Теперь нам лучше видно, какая система выработки рефлексов скрывается за мотивами конкуренции и «персонализации». Действительно, та идеология конкуренции, которая некогда, апеллируя к «свободе», составляла золотое правило производства, ныне всецело переместилась в сферу потребления. В условиях множества маргинальных отличий, когда один и тот же товар чисто формально распадается на разные виды благодаря внешнему оформлению, конкуренция оказывается особенно острой, широко разворачивая последнюю, сомнительную свободу выбора – свободу случайно выбирать вещи, которые будут отличать вас от других[*]. По сути, можно считать, что идеология конкуренции в данной сфере служит тому же самому процессу, а значит и той же самой цели, что и в сфере производства: если потребление пока еще воспринимается как род «свободной профессии», область личностного самовыражения, тогда как производство, мол, окончательно заорганизовано, – то это лишь потому, что техника психологического планирования сильно отстает от техники планирования экономического.

Нам по-прежнему хочется того, чего нет у других. В том, что касается выбора и использования товаров, мы по-прежнему находимся (по крайней мере, в Западной Европе – на Востоке эта проблема еще не встала) в героической стадии конкуренции. В отличие от Соединенных Штатов, у нас еще не сложилась систематическая, синхронно-циклическая смена моделей[*]. Что это, психологическое сопротивление, сила традиции? Нет, просто большинство нашего населения пока еще не достигло достаточно высокого уровня жизни, когда все вещи располагаются на одном уровне максимальных потребностей и остается, по сути, лишь один набор моделей, так что важно становится уже не их разнообразие, а сам факт обладания «последней» моделью – обязательным фетишем социального самоутверждения. В Соединенных Штатах 90% населения практически желают только одного – владеть тем, что есть у других, и этот массовый выбор с каждым годом переносится на новую последнюю модель, которая является единообразно наилучшей. Сложился устойчивый класс «нормальных» потребителей, фактически равный всему населению. Хотя в Европе мы к этому еще не пришли, но, необратимо тяготея к американской модели, мы уже хорошо чувствуем, сколь двойственна наша реклама: она побуждает нас к конкуренции, но через эту воображаемую конкуренцию она уже ориентирована на глубинную одинаковость, на постулат единообразия, на инволюцию к блаженному состоянию потребительской массы. Она говорит нам: «Покупайте это, потому что оно ни на что больше не похоже!» («элитное мясо», «сигареты для happy few», и т.д.) – но вместе с тем и другое: «Покупайте это, потому что этим пользуются все»[*]. И здесь вовсе нет противоречия. Понятно, что каждый чувствует себя оригинальным, хотя все и похожи друг на друга, – для этого нужна лишь схема коллективно-мифологической проекции, то есть некая модель[*].

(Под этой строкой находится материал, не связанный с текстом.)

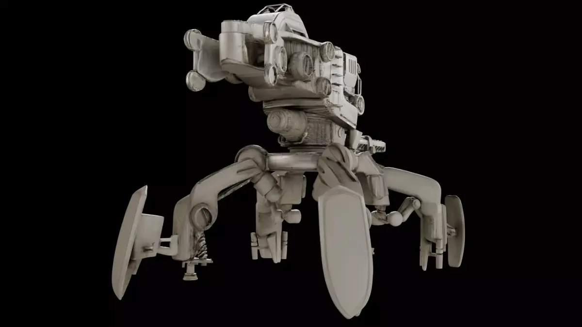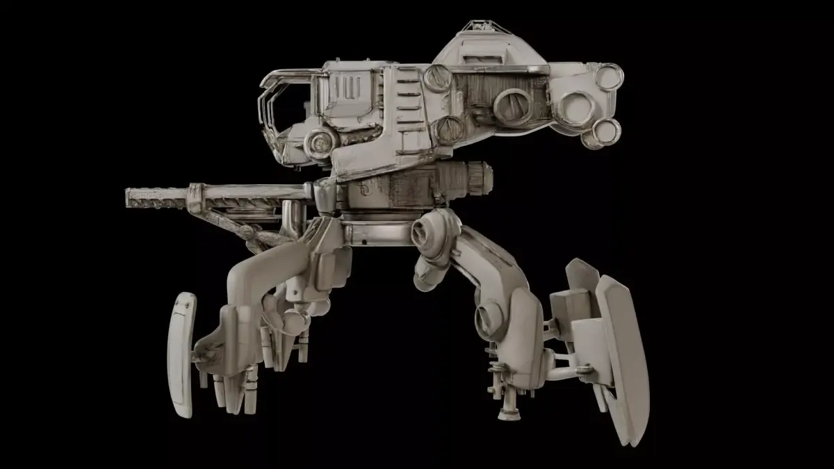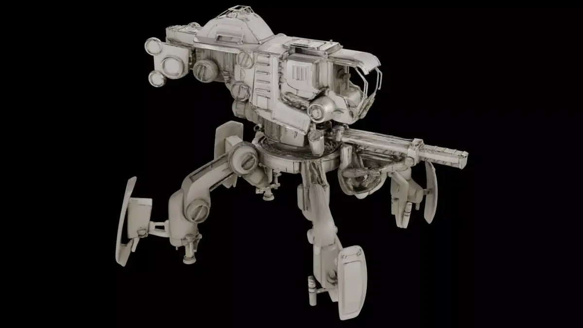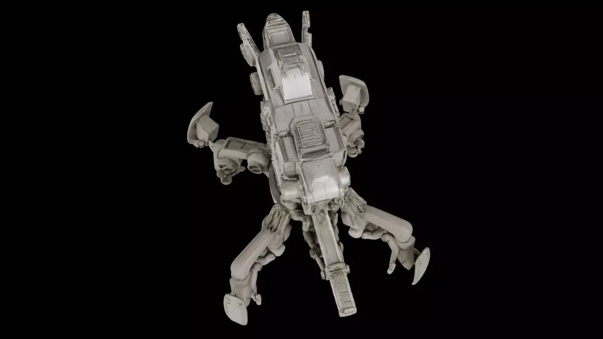 This highly detailed 3D model showcases a futuristic quadruped combat robot designed for sci-fi environments. Featuring four articulated legs, a central cockpit-like body, and a prominent front-mounted weapon system, this model is ideal for concept art, animation, and game development. The rear includes thruster-like cylindrical components, enhancing its mobility and suggesting aerospace or military applications.Crafted with a monochromatic metallic texture, the model emphasizes industrial realism and mechanical complexity. Perfect for use in cinematic visualizations, VR/AR experiences, or robotics research simulations.Features: Fully rigged quadruped structure, Statis model only, No Articulate, No Rigged, No Animation, High-poly mesh not clean topology, Compatible with Blender, FBX, OBJ formatsUse Cases: Sci-fi games and cinematics, Concept art and promotional renders, Robotics and AI simulation environments, Educational and research visualization

На основании этого можно считать, что окончательным завершением общества потребления (не в силу какого-то макиавеллического заговора технократов, а просто по структурной логике конкуренции) становится функционализация самого потребителя, психологическая монополизация всех его потребностей – то есть вполне единодушное потребление, наконец достигшее гармонической согласованности с концентрацией и абсолютной заорганизованностью производства. Свобода «по недостатку»

С другой стороны, идеология конкуренции ныне повсеместно отступает перед «философией» личностного самоосуществления. В современном обществе, с его повышенной интеграцией, индивиды уже более не соперничают друг с другом в обладании благами, они самореализуются в своем потреблении, каждый сам по себе. Лейтмотивом является теперь уже не конкурентный отбор, а персонализация для всех. Одновременно и реклама от коммерческой практики обратилась к теории потребительского «праксиса», которая увенчивает собой все здание общества. Такая теория излагается в американской рекламе (см. Дихтер, Мартино и др.). Логика ее проста: 1) общество потребления (вещей, товаров, рекламы) впервые в истории предоставляет индивиду возможность вполне раскрепостить и осуществить себя; 2) система потребления идет дальше чистого потребления, давая выражение личности и коллективу, образуя новый язык, целую новую культуру. Таким образом, потребительскому «нигилизму» противопоставляется «новый гуманизм» потребления.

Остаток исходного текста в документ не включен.